Il suo precursore italiano Silvio Berlusconi, come ben si sa entrato in politica per difendere le sue reti televisive, è perfettamente riuscito nel suo intento ed è sopravvissuto perfino a una condanna definitiva per evasione fiscale, la stessa sorte che attende Trump quando lascerà la Casa Bianca. Ma esaminiamo più da vicino un caso italiano di ben altre dimensioni rispetto allo scandalo dei bonus, quello delle dighe mobili a difesa della laguna di Venezia, il cosiddetto Mose, su cui il governo ha avviato proprio in questi giorni una procedura per completare le opere e mettere in funzione le paratie.

Giovanni Benzoni e Salvatore Scaglione hanno pubblicato recentemente una preziosa ricostruzione del sistema di potere e di corruzione cresciuto attorno al progetto in oltre mezzo secolo (Sotto il segno del Mose. Venezia 1966-2020, La Toletta edizioni). Dal loro libro emerge che, fin dall’inizio, il Consorzio Venezia Nuova, appaltatore unico dell’opera, era sostanzialmente un’organizzazione a delinquere, la cui forza risiedeva nella capacità di corrompere chiunque potesse rallentare, ostacolare, o anche solo criticare il progetto.

Quindi metteva a libro paga politici e funzionari per assicurarsi che il flusso di denaro continuasse senza intoppi: da Giancarlo Galan, presidente della Regione veneto e ministro, a Patrizio Cuccioletta, ex presidente del Magistrato alle acque di Venezia, da Emilio Spaziante, ex generale della Guardia di Finanza, a Renato Chisso, assessore ai Trasporti del Veneto. Nessuno di costoro è finito in carcere. Tutte le pene detentive sono state sospese e lo Stato si è accontentato di confiscare una parte del maltolto: 2,6 milioni a Galan, 750.000 euro a Cuccioletta, 500.000 euro a Spaziante e 2 milioni a Chisso.

Il problema con le ricostruzioni giudiziarie delle vicende di corruzione, siano infime come i bonus dei deputati leghisti o assai lucrose e durevoli come nel caso di Venezia, è che non spiegano le origini profonde della corruzione, che è un fenomeno sistemico, non individuale. Come diceva un celebre gangster americano, lui rapinava le banche “perché i soldi stanno lì” e, nel caso degli stati moderni, i soldi stanno proprio lì, in quel 40-55% del prodotto interno lordo che costituito dalla spesa statale (dati Ocse 2019).

È più facile impadronirsi di una fetta degli stanziamenti per i camici destinati agli ospedali che progettare e commercializzare un nuovo camice adatto alla protezione contro il Covid-19. È più facile “privatizzare” beni pubblici esistenti che crearne di nuovi, come gli oligarchi russi hanno ampiamente dimostrato.

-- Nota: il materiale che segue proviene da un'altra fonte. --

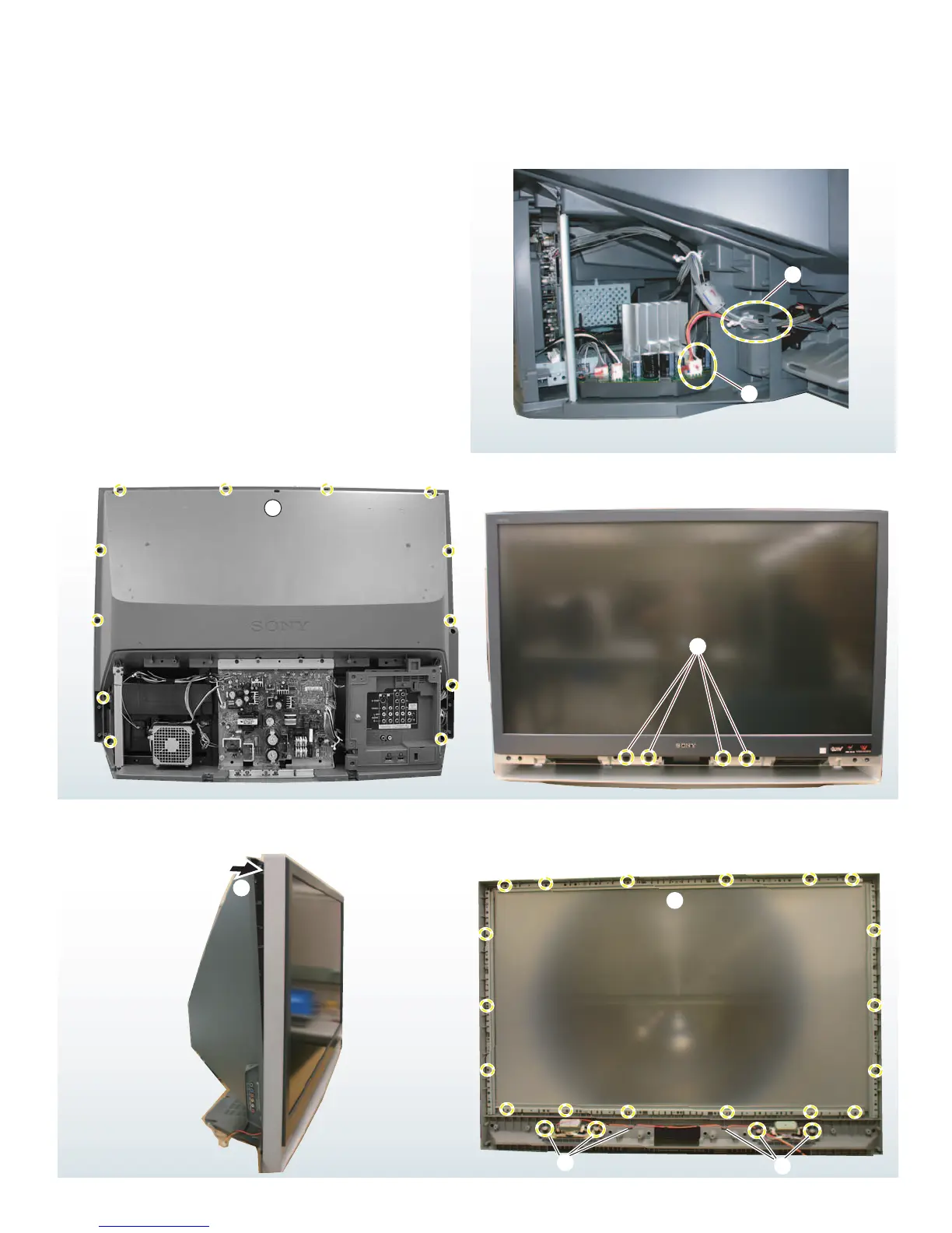 Remove 18 screws (42” models), 20 screws (50” models),

Tutto questo era vero prima che l’epidemia facesse esplodere la spesa pubblica, quindi è prevedibile che la percentuale del Pil in qualche modo transitata per lo Stato nei prossimi anni risulterà ancora superiore.

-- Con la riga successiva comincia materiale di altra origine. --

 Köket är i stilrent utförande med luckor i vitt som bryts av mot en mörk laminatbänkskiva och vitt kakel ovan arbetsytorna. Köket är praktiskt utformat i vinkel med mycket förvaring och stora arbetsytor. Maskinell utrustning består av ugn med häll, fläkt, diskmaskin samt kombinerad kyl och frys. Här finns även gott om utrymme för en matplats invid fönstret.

Le Autorità anticorruzione e gli scandali di Ferragosto cambieranno ben poco finché resterà valida l’intuizione di Brecht che fondare una banca è assai più profittevole che rapinare una banca. Come rileva il sociologo tedesco Wolfgang Streeck nel suo libro How Will Capitalism End?, la corruzione sistemica genera però una demoralizzazione di massa e una delegittimazione del sistema politico che, a loro volta, producono nuovi comportamenti corruttivi, apatia politica e la tentazione di cercare soluzioni autoritarie. Il pericolo per la democrazia viene da qui.